• _The problem_
The whole listing, please: repeat it exactly, with the pictures left out.

• _Available data_
******

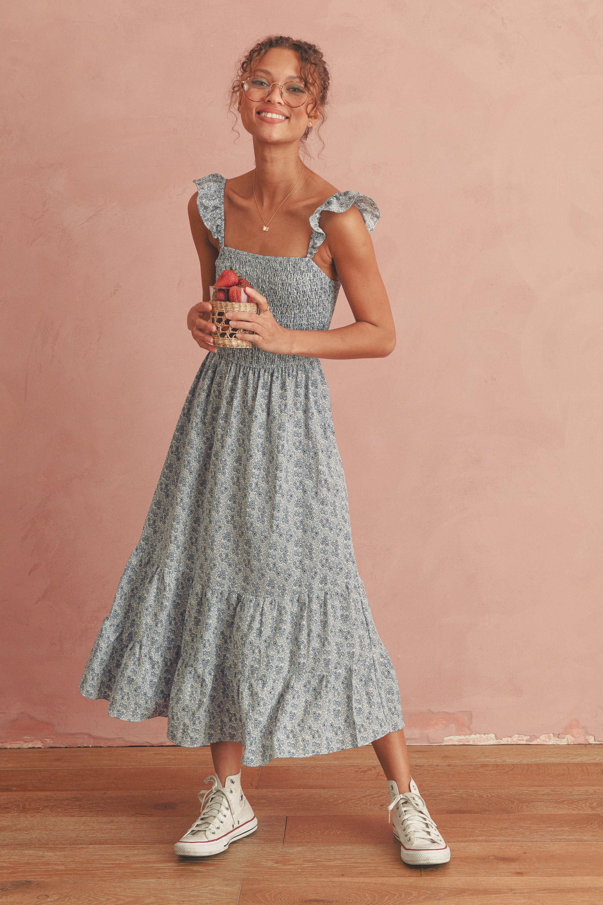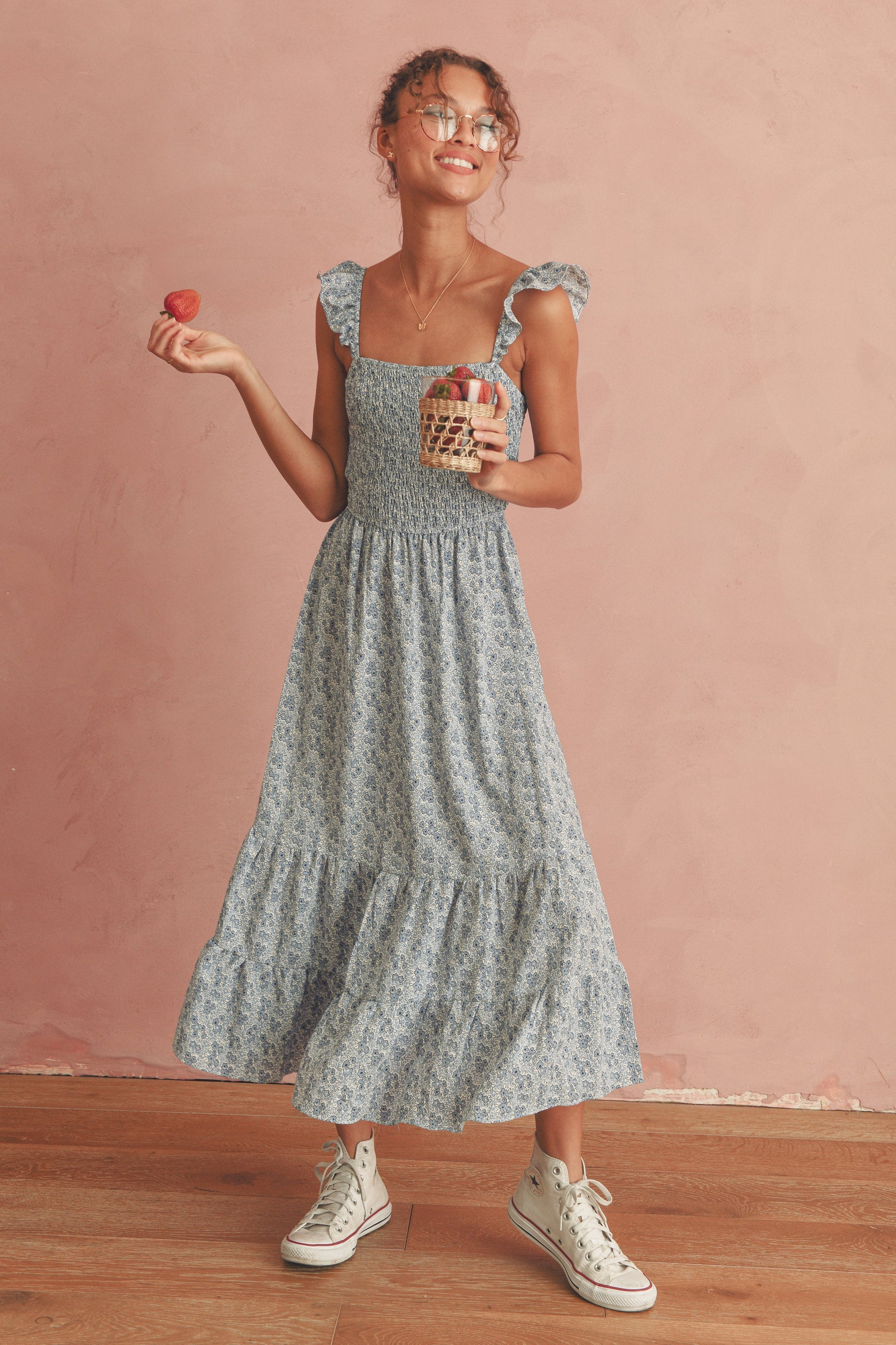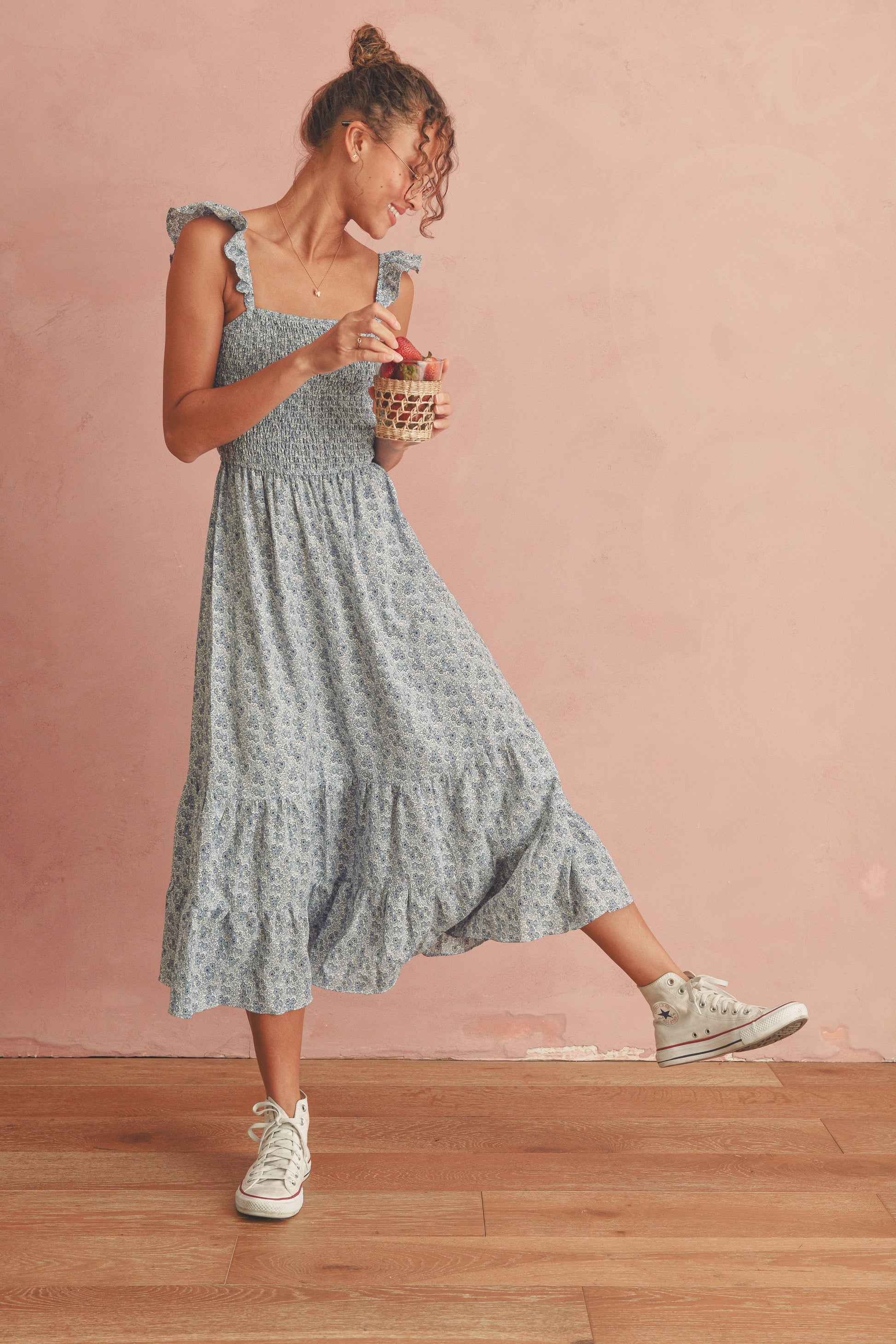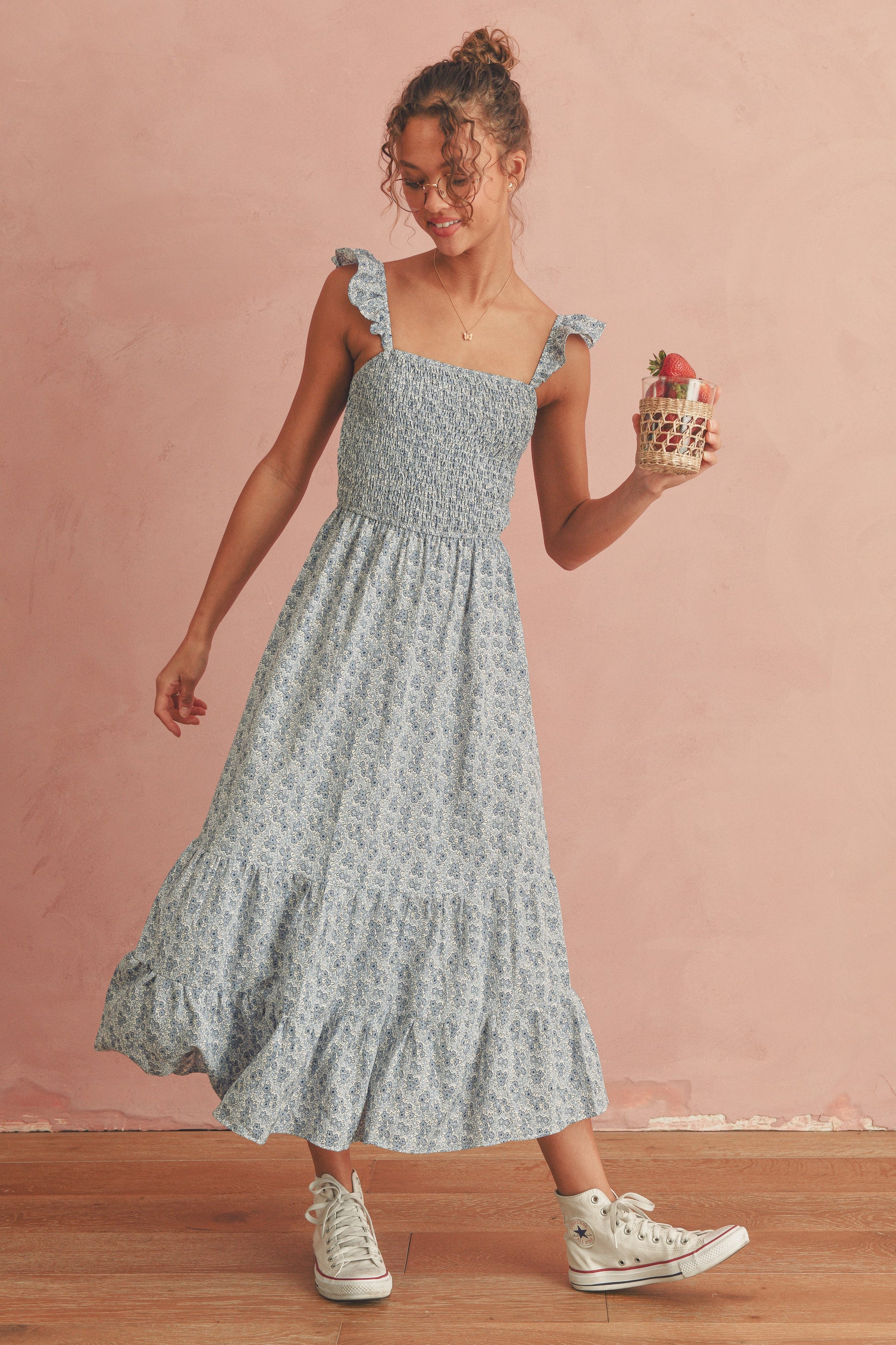 Midi length floral dress features square neckline, smocked bodice, ruffle straps, and tiered silhouette. Paired with our tiny butterfly studs, and flutter necklace.
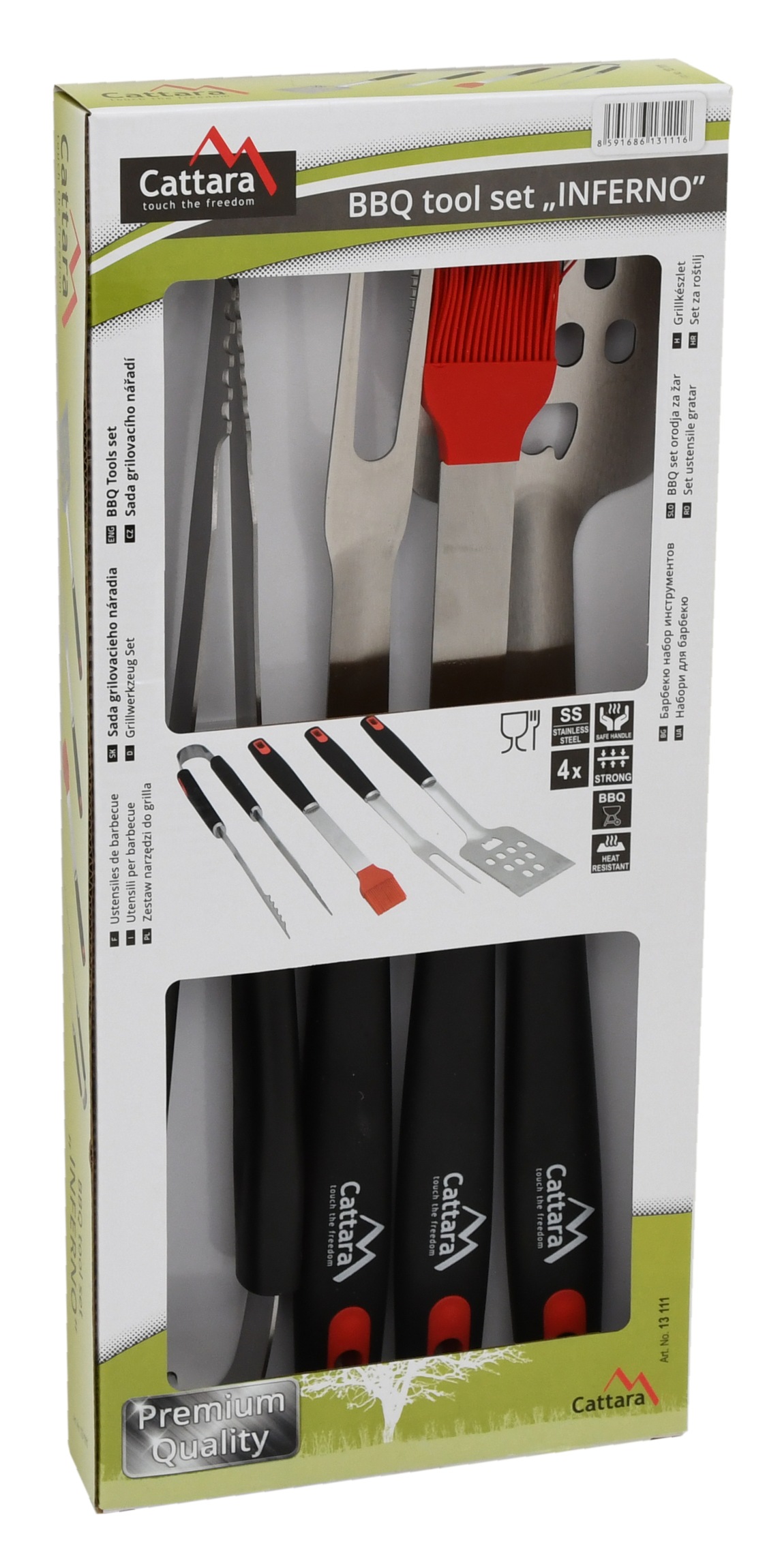 Grilovací sada Inferno od Cattary – perfektní pomocník pro vaše grilovací dobrodružství. Sada obsahuje obracečku, vidličku, kleště a mašlovačku, které vám usnadní přípravu a podávání pokrmů.
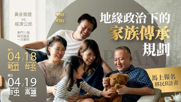 立即報名「移民 B 計畫:地緣政治下的家族傳承規劃」實體講座

******

• _Solution to this problem_
 Midi length floral dress features square neckline, smocked bodice, ruffle straps, and tiered silhouette. Paired with our tiny butterfly studs, and flutter necklace.
 Grilovací sada Inferno od Cattary – perfektní pomocník pro vaše grilovací dobrodružství. Sada obsahuje obracečku, vidličku, kleště a mašlovačku, které vám usnadní přípravu a podávání pokrmů.
 立即報名「移民 B 計畫:地緣政治下的家族傳承規劃」實體講座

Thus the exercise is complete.